Now, to focus specifically on Q1, as is typical, our expenses tend to be higher in Q1 in part due to the timing of certain sales meetings and payroll taxes. This year our results will also be negatively impacted by the Medicare reduction that went into effect on January 1.
The addition of Mednet in the quarter will offset the impact of the rate reduction on revenue in Q1. However, on the EBITDA side, despite the addition of Mednet and the measures that we put in place to mitigate the cut, we expect to see a reduction as compared to Q4, which is, again, not atypical in our business. In addition, our cash balance typically declines due to the higher expenses, as well as payment of management incentive bonuses and prepayment of other expenses.
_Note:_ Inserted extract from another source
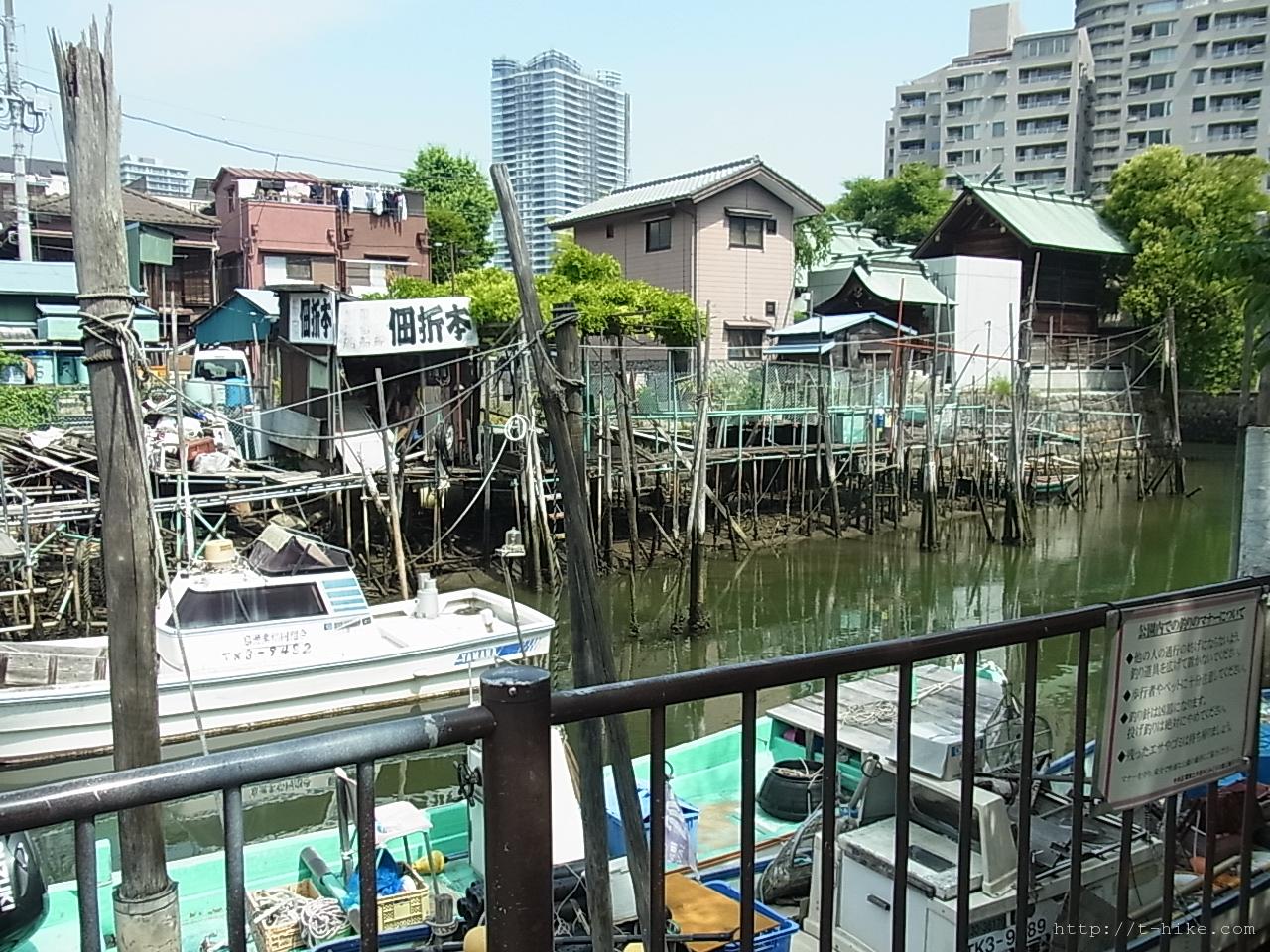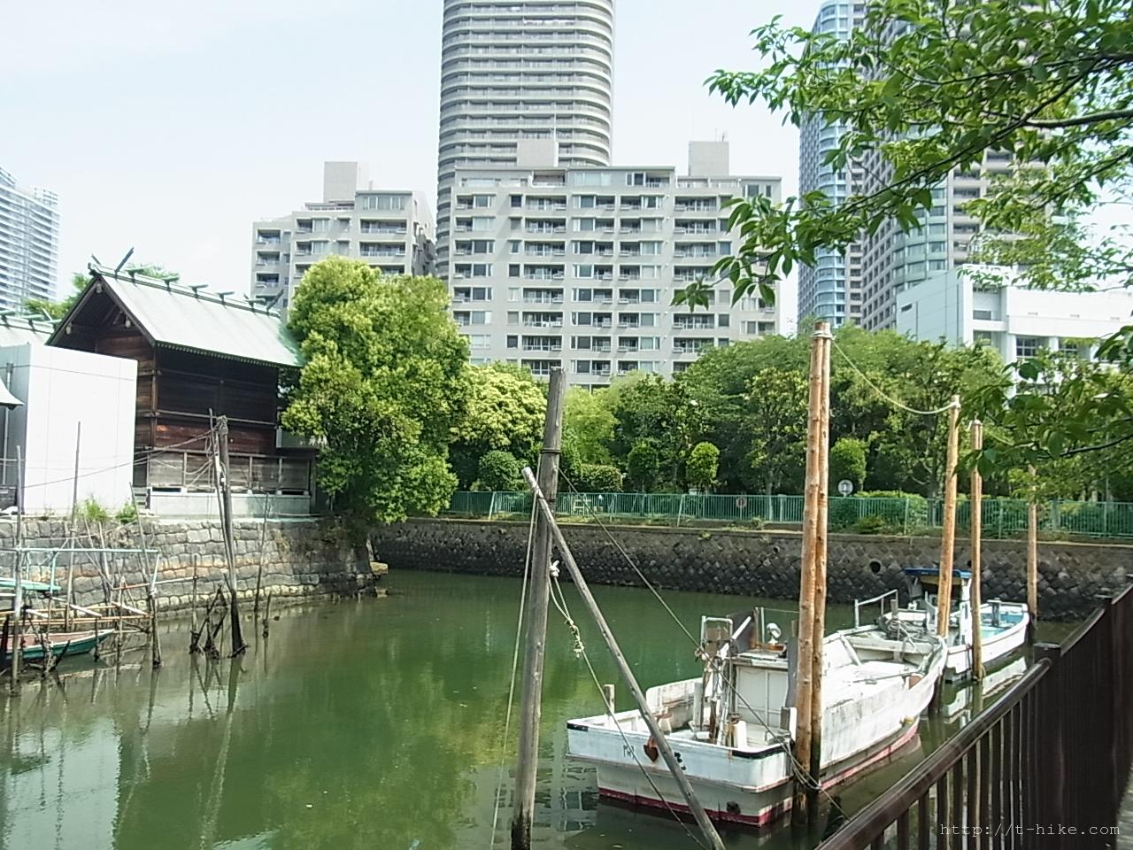 水が抜かれていました。この一角だけが月島の良い雰囲気が残っています。でも、どんどん浸食されていく感じ。

To reiterate, for 2014, on a consolidated basis, we expect top-line growth of 20%-plus, EBITDA to increase in terms of absolute dollars for the full year, and to generate cash from operations. And with that, I will now turn the call back over to Joe.
- President & CEO
Thanks, Heather. As you have heard, there have been considerable activity and progress in our business over the last year. I want to focus a bit more now on how we plan to build on this momentum.
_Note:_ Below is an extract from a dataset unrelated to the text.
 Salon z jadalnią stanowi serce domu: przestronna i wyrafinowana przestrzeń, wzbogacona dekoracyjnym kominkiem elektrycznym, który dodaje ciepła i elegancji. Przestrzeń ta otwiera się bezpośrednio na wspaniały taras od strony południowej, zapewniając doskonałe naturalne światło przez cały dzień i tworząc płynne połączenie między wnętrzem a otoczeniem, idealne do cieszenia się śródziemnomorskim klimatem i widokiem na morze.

Given our overarching vision of being the worldwide leader in wireless medicine and the delivery of health information in order to improve quality of life and reduce cost of care, we ask ourselves how we can best leverage our technology in order to create new revenue opportunities. The justification for remote monitoring solutions could not be more evident.
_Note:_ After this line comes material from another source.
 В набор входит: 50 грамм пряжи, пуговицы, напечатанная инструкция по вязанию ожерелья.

The pressure on healthcare systems to lower overall cost of care continues to mount. Given the proven effectiveness of remote monitoring and, in particular, remote cardiac monitoring, we believe we are in some of the most attractive markets today.
In terms of other remote monitoring markets to enter or develop, we have had a few internal projects that are now starting to mature. On our last earnings call I was asked about our activity with at-home monitoring of INR testing which is the primary diagnostic measurement used to help regulate anticoagulation medications.
While it is too soon to make revenue predictions, we are coming out of a pilot phase and beginning to deploy this service offering nationwide. In entering the INR market, we are able to leverage a good portion of our current infrastructure, including sales and marketing.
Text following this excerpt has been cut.